Кульгавый умолк, крепко потёр побледневшие скулы, уставился в выходящее на улицу окно.
– Ладно, – произнёс он глухим голосом, – отвлеклись мы. Так в чём же ваши разногласия, и что вы намерены делать?
– Разногласия по многим вопросам, и делать пока я ничего не буду. Тем более, что мне предстоит Афганистан.
– Понятно. Коварная душманская пуля поставит точку в этой запутанной и романтической истории, – съязвил Кульгавый.
– Возможно и это, – не стал противоречить Александр, – но я имел в виду другое. Время рассудит нас и внесёт свои коррективы. А в письме тёще сообщите, что для исправления отправили штрафником на передовую. Это её успокоит. На время.
* * *
Тринадцатого мая два батальона прибыли на станцию Ташкент. Бросилась в глаза особенность восточного колорита: обилие солнца, тепла, зелени, фруктов, стёганых халатов, расшитых тюбетеек.
– Смотрите, – выкрикнул кто-то из строя, – написано: «Тошкент», через «о». Ошибка, что ли?
– Ошибка, что мы здесь, – ответил кто-то, явно рассчитывая на весёлую реакцию, но смеха не последовало.
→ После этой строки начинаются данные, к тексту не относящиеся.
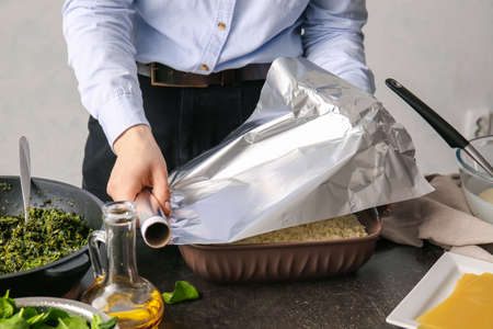 young beautiful mixed race woman spreads pastry paper on a dish in light modern kitchen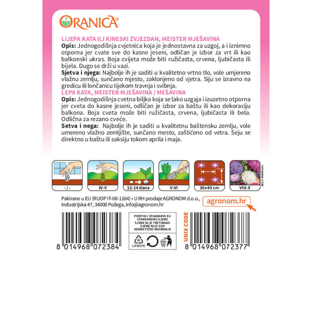 Jednogodišnja cvjetnica koja je jednostavna za uzgoj, a i iznimno otporna jer cvate sve do kasne jeseni, odličan je izbor za vrt ili kao balkonski ukras. Boja cvijeta može biti ružičasta, crvena, ljubičasta ili bijela. Dugo se drži u vazi.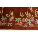 DescriptionChineseCarpets made in China proper. See entries Ningshia, Peking, Art Deco. Chinese - Art DecoAs the name implies, pieces woven between the wars for the Western market by mostly American owned firms especially Nichols and Fette, in thick heavy weaves using strong colors, asymmetric patterns and downplaying the Chinese-ness of the carpet. Nichols rugs are more strong toned than the pastel Fette. Most were woven in the coastal port city of Tientsin. Other lesser known workshops were also active. Some pieces are ultra-geometric and haute-Deco moderne in character: these are very rare. More frequent are pieces with bits of Chinese ornament: vases or other precious objects, paeonies, vines, fences, etc. Most common is the 9 x 12 size, in colors never found in mainstream Chinese rugs: backgrounds in black, mauve, purple, hot pink, orange, olive, employing the best synthetic chrome dyes of the period. Prices are still reasonable and carpets in top condition are available. | |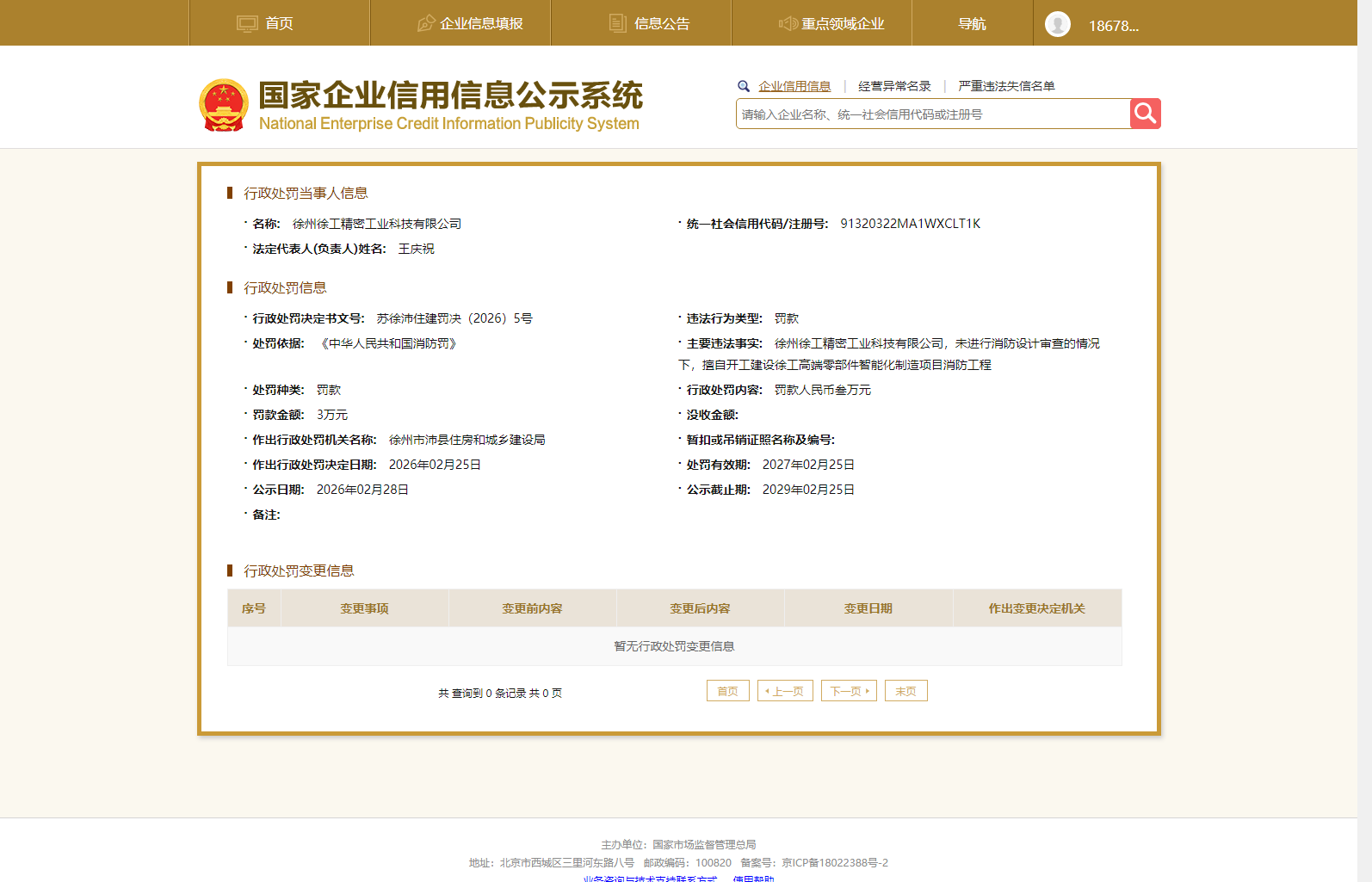 近日,徐州市沛县住房和城乡建设局发布行政处罚决定书(文号:苏徐沛住建罚决(2026)5号),徐州徐工精密工业科技有限公司因在未进行消防设计审查的情况下擅自开工建设消防工程,被处以罚款人民币叁万元整(¥30,000)。

Через три часа были на аэродроме Тузель.
Подполковник Гайдаенко и майор Хатынцев пошли к коменданту для уточнения места и времени посадки личного состава в самолёты. Коменданта на месте не оказалось. Офицерам сказали, что он на дальней стоянке. Уточнили, где эта дальняя стоянка, и направились по солнцепёку, по пыльному полю на другой конец аэродрома.
Прошли мимо транспортного самолёта со звездой и номером 63 на его зелёном крокодильем боку, из его чрева люди в масках и серых халатах выгружали длинные деревянные ящики. На ящиках были написаны и перечёркнуты фамилии, кроме одной, свеженакрашенной.
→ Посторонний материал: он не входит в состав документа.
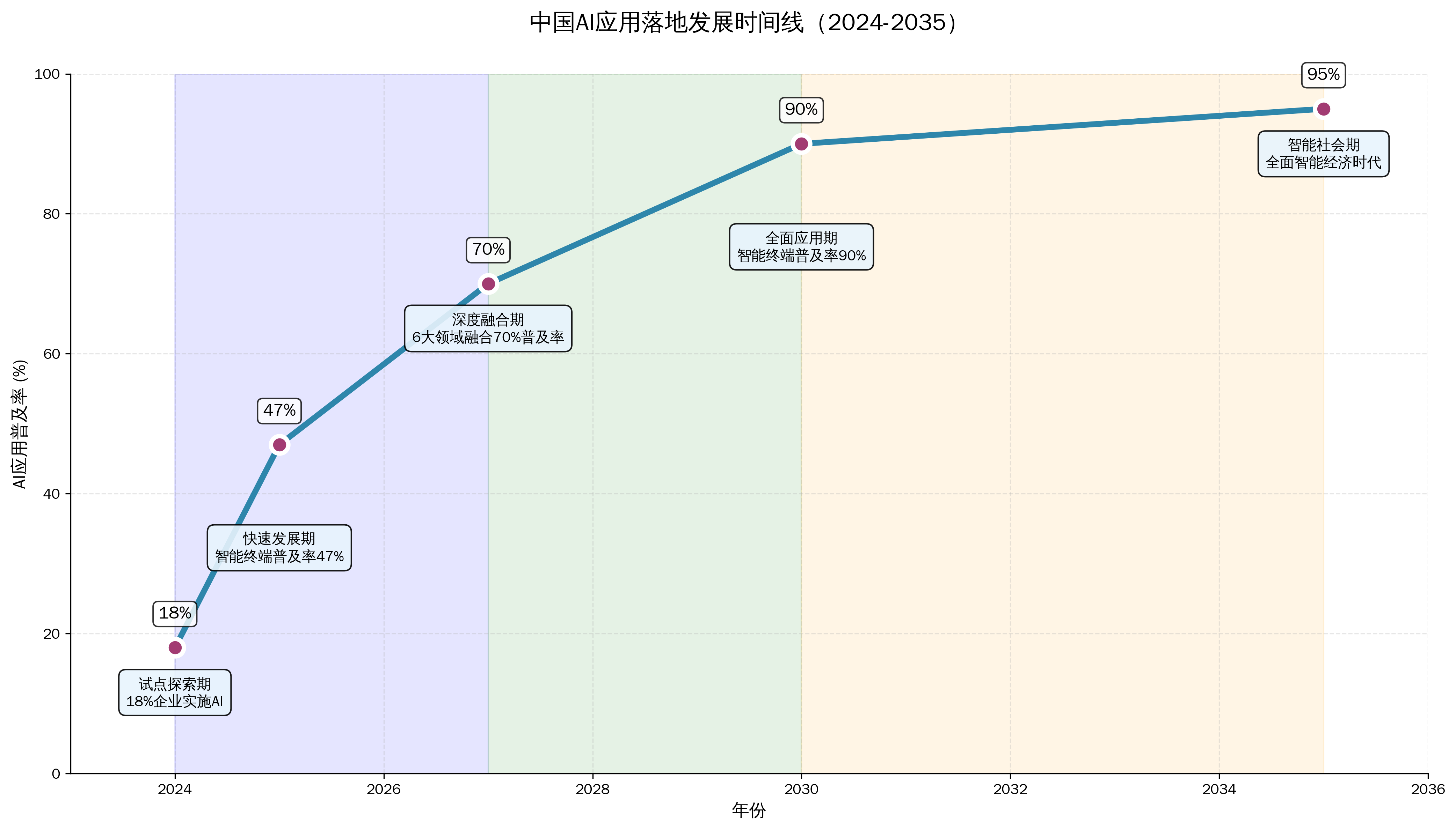 从时间线可以看出,我们正处于AI应用的关键转折点。2025年将是企业从试点探索向规模部署转变的重要节点,智能终端普及率预计将达到47%,为后续的深度融合奠定基础。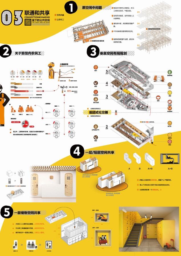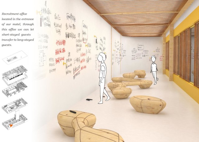 易奕说:“住在旅馆的人都是找工作的人,所以信息对他们来讲是非常重要的。他们现在都是靠站在街边等待,而且他们也并不擅长使用网络等通讯设备,设计师就是希望联动每一个工人身上的信息,进而进行信息交换,提高找工作的效率。”在这样的情况下,团队在旅馆中设计了一个交换信息的空间,任何工人有信息都可以写在白板上,这样大家接触聊天多,信息交换的可能性就更大。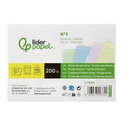 Leaderpapel Card for Studying Ruled Coloured cardstock 170 g/m2 125x200 mm Pack of 200 Units.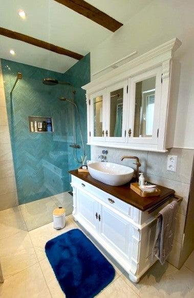 Dieses Badezimmer verbindet klassisch-zeitlose Elemente mit klarer, moderner Gestaltung. Die warmen Naturtöne der Fliesen treffen auf weiße Wände und sichtbare Deckenbalken. Ein stimmiger Mix, der den Raum offen und einladend wirken lässt. Der hellblaue Fliesenbereich mit Fischgrätenmuster setzt einen frischen Farbakzent in der Dusche und verleiht dem Raum eine besondere Tiefe.

– Сизов, Федоровский, Романюк, Курило, – прочитал Хатынцев только на одном ящике. – Эти уже отвоевались. Интересно, есть ли очередь на эту возвратную тару? Герои, наверное, без очереди, как и награждённые тремя орденами «За службу Родине», а от полковника и выше транспортируют в персональных ящиках, с декоративными гвоздями и медными ручками по бокам. Курило же и здесь в «общем» проехался. Курило, Курило. Курило откурило и проблемы все решило…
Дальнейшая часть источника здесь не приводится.